The pace and flow of a voice lesson

This is a topic more for teachers than students, perhaps, but it’s important for both.

I frequently hear or watch snippets of voice lessons. Some of these are clips that colleagues post in discussion groups, others are videos on the internet, and occasionally I get to observe a lesson in person. I also have had several teachers over the years, and presently study with a superb master teacher, George Gibson. In the last two years, after being exposed to Jeannette Lovetri’s ideas on “pianoside manner”, as well as Mr. Gibson’s thoughtful and deliberate approach, I have been more aware of how a lesson is paced, particularly the vocal exercises that are so important to a singer’s vocal improvement.

There are two main issues that I find alarming in how vocalises are done in some lessons:

1. Rushing. There is more than one kind of rushing. It can take the form of not allowing enough time between reiterations of an exercise, or a non-rhythmic interval between them, or in each repetition being done too fast. I find my own breathing getting shallower and anxiety rising when I hear a series of repetitions of an exercise being done with no space between them. Problems seem bigger when there is the feeling that one is falling behind or is not “going fast enough”. Occasionally I will have a student who rushes, and I bring them back to the rhythm of the repetitions. Sometimes I’ll take a little break on the way up the mountain. It can be very refreshing for teacher and student to take a little time out, to check in about how the exercise is going, or at other times to take one’s mind AWAY from the exercise for a bit.

A pace that allows for easy breath between repetitions, and that feels like there is a rhythmic connection between repetitions, can help the singer to feel safer, and more mentally and physically organized and focused. Rushing is anxiety-provoking and unsettling, sometimes very subtly. Some very kind and well-meaning teachers are guilty of being in too much of a hurry.

2. Talking to the student while he is singing. This is almost always counterproductive. Firstly, the singer probably won’t hear what the teacher says while he is singing. Oftentimes the singer will stop to ask what was said, unless the teacher is quite loud. Also the teacher talking during singing is sending the message “You have just become less important. Listen to my noise momentarily before continuing your noise.” It’s jarring and a bit rude. If you as a teacher have something urgent to say, it can wait five seconds until the arpeggio is completed, for Pete’s sake! If you wait another few repetitions, sometimes the issue goes away anyway. Give the exercise some time to work, or stop and explain it if it can be executed better.

Recently I listened to three excerpts of lessons from different teachers (all three were male, if that means anything) in which all the teachers rushed repetitions to an alarming degree, and two were constantly talking over the students’ vocalizations.

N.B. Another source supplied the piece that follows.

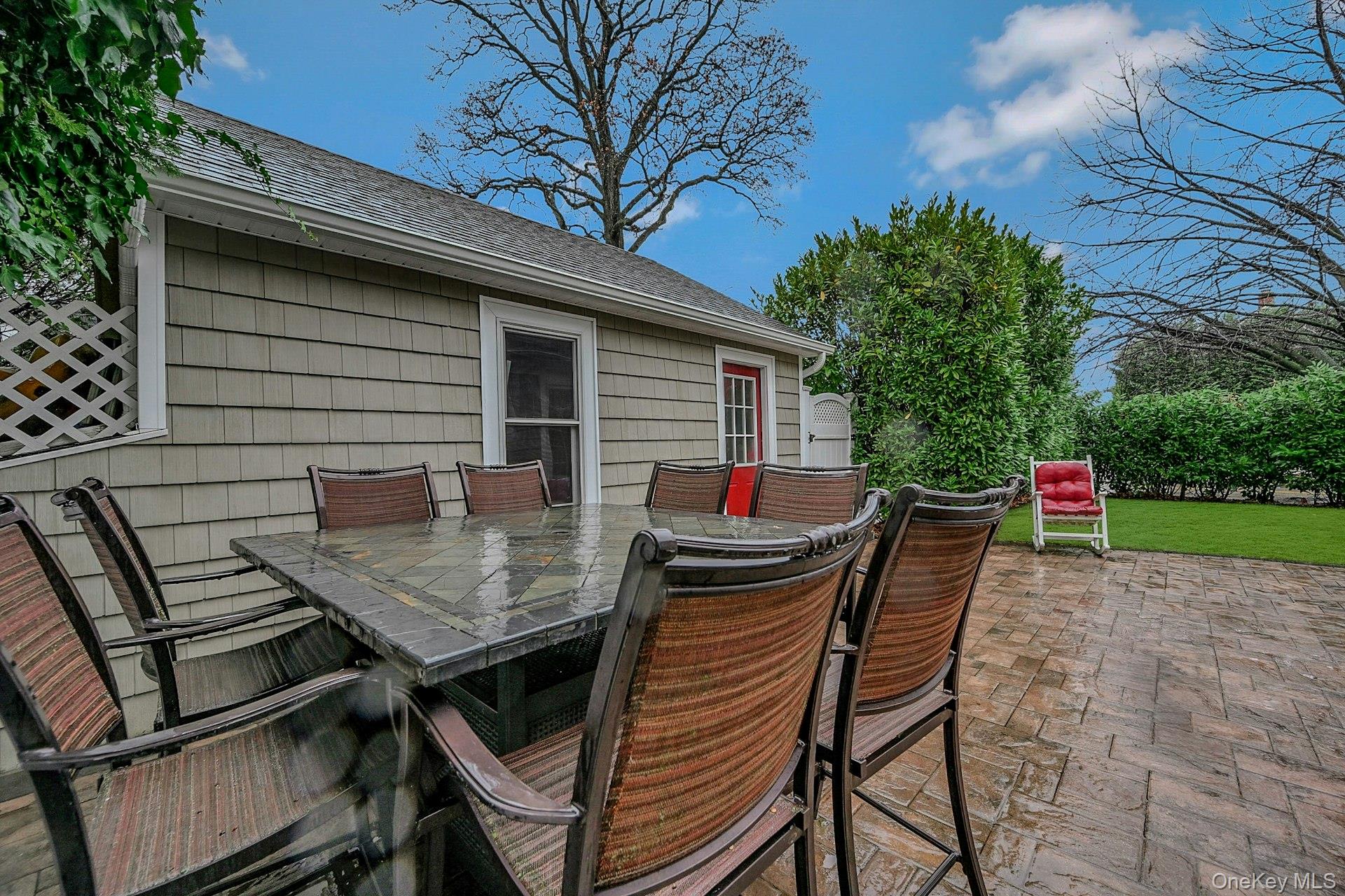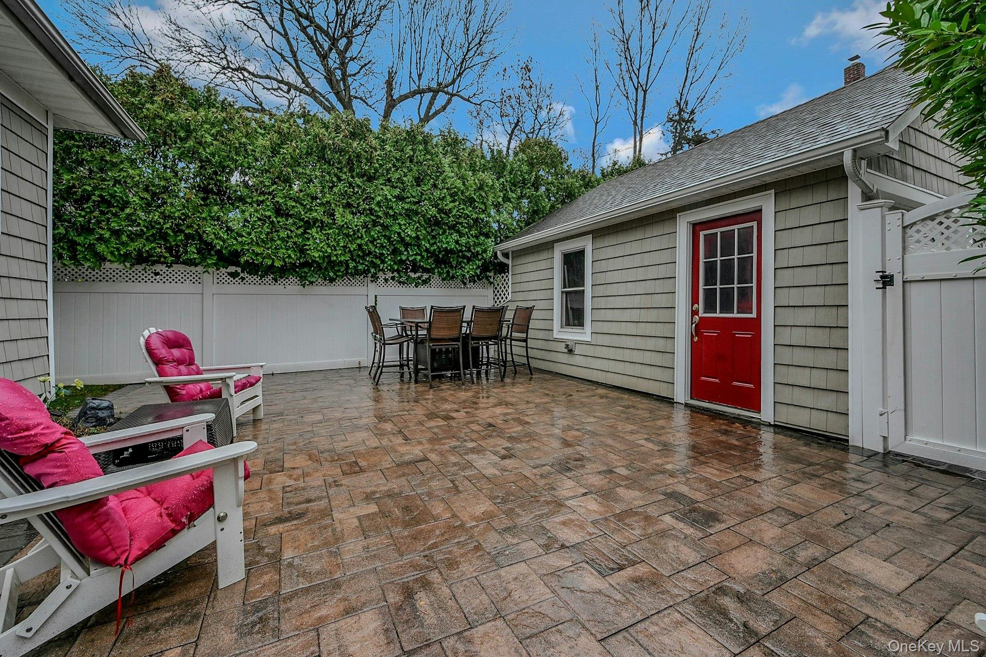 Experience warmth and abundant natural light as you enter this inviting three-bedroom Colonial, perfectly nestled in the heart of Rockville Centre. The spacious living room features an oversized window that floods the space with sunlight, seamlessly connecting to an adjacent office or TV room. This versatile area is highlighted by an enormous bay window and elegant pocket French doors, creating an ideal setting for relaxation or productivity. The gourmet kitchen is equipped with modern stainless-steel appliances and a skylight, offering a bright and functional space for cooking. It opens directly to a generous dining area, making it perfect for hosting large family gatherings or entertaining guests. Convenient pocket doors provide access to a tiled mud room, which can also serve as a small playroom. Half bath located off of mud room. French door sliders lead to a private, lushly manicured backyard. The expansive paver patio offers ample space for multiple seating arrangements, allowing you to enjoy outdoor living in comfort and style. The double detached garage is thoughtfully tucked away behind beautiful landscaping, ensuring both convenience and curb appeal. Upstairs, you will find three comfortable bedrooms and an updated hall bathroom featuring radiant flooring for added comfort and a sky light. Stairs provide access to a walk-up attic, which can be transformed into an office space or recreation area to suit your needs. The partially finished basement provides additional recreation space, plus laundry, utilities, and additional storage space, enhancing the home's functionality and organization.

Our students tend to look at us as the experts in all things vocal, and don’t have the metaknowledge of voice teaching to ask us to establish an ideal pace for their learning style. We have to establish a good environment for them. It doesn’t hurt to ask! “How did that feel?” “Would you like to try that again?” “Let’s talk an easy, replenishing breath between each arpeggio.”, etc. I have also become more comfortable with sitting and thinking for a few seconds before selecting the next exercise. I had a teacher who would take quite a bit of time, sometimes close to a minute or so, before resuming the vocalises. He was thinking! This is a great thing to model for the student. They see the teacher thinking and they might get the message that thinking is part of learning how to sing better. And time! Time in exercises, in lessons, in practice, and over the long term.

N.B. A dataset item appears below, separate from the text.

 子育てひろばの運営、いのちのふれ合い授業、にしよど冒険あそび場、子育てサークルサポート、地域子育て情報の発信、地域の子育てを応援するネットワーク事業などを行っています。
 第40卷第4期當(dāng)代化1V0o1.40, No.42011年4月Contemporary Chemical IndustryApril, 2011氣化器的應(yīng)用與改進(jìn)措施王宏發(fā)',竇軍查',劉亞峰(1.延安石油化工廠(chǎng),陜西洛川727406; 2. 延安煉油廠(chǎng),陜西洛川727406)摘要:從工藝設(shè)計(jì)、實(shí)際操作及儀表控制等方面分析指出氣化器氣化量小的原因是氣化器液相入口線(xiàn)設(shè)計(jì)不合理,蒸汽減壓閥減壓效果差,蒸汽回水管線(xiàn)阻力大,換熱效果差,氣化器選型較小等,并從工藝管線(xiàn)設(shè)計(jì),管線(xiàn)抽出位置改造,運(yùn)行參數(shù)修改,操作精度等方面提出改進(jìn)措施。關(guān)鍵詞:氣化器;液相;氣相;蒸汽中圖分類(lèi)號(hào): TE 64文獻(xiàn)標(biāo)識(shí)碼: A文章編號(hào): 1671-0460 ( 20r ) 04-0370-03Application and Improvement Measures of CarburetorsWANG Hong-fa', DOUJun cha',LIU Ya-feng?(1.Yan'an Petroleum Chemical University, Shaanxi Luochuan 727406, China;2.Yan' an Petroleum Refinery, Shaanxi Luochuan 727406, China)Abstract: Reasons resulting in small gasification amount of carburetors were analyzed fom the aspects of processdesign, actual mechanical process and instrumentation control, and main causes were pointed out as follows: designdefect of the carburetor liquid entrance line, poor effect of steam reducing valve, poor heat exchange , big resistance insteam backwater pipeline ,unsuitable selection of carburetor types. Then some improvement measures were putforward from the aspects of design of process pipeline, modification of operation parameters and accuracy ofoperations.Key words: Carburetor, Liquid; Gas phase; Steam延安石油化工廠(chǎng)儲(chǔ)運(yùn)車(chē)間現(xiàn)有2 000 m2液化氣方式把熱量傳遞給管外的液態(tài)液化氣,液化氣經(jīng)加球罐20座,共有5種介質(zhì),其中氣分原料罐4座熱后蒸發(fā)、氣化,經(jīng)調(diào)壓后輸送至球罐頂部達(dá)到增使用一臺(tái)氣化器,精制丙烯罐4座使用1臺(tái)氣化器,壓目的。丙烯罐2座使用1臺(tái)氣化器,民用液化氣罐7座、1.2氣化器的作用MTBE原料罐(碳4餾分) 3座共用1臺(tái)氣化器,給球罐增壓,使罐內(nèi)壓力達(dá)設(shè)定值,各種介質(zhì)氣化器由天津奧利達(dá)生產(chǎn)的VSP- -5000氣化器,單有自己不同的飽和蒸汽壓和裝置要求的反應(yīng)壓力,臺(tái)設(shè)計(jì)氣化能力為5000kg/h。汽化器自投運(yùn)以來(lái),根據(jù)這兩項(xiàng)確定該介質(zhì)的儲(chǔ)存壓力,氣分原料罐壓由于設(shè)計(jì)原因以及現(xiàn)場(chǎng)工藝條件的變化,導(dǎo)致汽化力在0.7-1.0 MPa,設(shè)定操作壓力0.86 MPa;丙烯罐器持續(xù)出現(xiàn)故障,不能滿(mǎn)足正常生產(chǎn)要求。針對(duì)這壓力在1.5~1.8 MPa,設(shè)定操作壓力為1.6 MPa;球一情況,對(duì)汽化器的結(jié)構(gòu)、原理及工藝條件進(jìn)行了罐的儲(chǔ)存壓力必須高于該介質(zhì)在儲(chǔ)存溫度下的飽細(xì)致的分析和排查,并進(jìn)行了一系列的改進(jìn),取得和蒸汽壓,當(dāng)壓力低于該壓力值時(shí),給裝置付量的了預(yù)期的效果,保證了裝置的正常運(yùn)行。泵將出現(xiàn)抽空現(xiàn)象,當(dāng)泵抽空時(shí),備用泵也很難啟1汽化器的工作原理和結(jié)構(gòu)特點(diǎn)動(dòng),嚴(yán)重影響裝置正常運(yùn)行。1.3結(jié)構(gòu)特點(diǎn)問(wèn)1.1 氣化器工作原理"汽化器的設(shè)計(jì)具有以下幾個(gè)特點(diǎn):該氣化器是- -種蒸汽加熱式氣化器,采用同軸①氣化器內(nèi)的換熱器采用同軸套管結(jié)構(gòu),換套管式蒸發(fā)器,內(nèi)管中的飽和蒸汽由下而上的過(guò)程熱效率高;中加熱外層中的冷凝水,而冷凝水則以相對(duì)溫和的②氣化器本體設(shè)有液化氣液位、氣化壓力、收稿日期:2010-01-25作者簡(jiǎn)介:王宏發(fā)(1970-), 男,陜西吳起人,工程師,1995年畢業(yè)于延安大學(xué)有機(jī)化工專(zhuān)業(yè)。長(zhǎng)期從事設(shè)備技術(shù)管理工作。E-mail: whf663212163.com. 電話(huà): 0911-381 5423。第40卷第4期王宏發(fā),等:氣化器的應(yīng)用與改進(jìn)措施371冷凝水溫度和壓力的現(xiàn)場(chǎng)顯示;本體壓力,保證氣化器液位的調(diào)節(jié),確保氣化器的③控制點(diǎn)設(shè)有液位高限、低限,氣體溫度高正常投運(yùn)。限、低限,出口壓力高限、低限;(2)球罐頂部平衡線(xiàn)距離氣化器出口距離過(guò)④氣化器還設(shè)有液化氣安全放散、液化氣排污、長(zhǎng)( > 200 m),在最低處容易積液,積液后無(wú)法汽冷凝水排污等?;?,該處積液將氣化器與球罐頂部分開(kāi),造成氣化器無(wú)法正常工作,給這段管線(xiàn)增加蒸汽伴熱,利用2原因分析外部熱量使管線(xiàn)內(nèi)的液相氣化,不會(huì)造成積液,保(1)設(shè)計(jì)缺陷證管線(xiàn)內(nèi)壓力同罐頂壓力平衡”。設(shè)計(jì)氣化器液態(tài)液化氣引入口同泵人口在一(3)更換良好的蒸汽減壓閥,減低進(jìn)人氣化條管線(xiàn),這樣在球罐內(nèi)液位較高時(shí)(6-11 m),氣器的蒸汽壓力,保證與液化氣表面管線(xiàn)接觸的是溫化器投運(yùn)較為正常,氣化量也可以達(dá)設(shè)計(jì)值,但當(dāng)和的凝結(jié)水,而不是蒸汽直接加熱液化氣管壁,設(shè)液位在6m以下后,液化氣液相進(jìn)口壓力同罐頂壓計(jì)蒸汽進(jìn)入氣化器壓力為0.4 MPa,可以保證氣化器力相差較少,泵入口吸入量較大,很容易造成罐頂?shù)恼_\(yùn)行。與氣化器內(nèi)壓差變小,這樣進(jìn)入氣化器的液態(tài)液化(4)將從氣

We are not mechanical windup toys that have to go, go, go. We get enough of that outside of the studio. Let the studio be a safe, calm and comfortable place in which to do new and daring things!

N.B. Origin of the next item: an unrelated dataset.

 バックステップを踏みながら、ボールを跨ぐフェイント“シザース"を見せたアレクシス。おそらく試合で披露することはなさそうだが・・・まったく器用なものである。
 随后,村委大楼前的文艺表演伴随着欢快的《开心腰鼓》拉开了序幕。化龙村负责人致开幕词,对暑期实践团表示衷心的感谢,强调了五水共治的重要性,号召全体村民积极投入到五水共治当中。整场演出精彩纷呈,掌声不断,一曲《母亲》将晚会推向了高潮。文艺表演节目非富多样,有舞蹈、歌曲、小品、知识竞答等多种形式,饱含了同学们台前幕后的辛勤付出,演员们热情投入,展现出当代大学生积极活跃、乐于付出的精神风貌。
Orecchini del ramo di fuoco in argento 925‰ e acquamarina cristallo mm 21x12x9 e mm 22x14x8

3 thoughts to “The pace and flow of a voice lesson”

  1. Just found your blog. I agree with you 100%. Most times it is the students who want to rev up the pace and I have to bring them back to where it is comfortable to sing and also listen to. The rhythmical breathing between the repetitions of an exercise are just as important as the vocal part.
    One thing I would warn against and it troubled me very much when I studied with a very good teacher, is not to play the exercises on the piano too loud and drown out the student. Sometimes it is necessary to play along to get the pitch but too much becomes a crutch.

  2. Hello
    Do you possibly have George Gibson information? He was my very first voice teacher and I would love to chat with him. Thanks.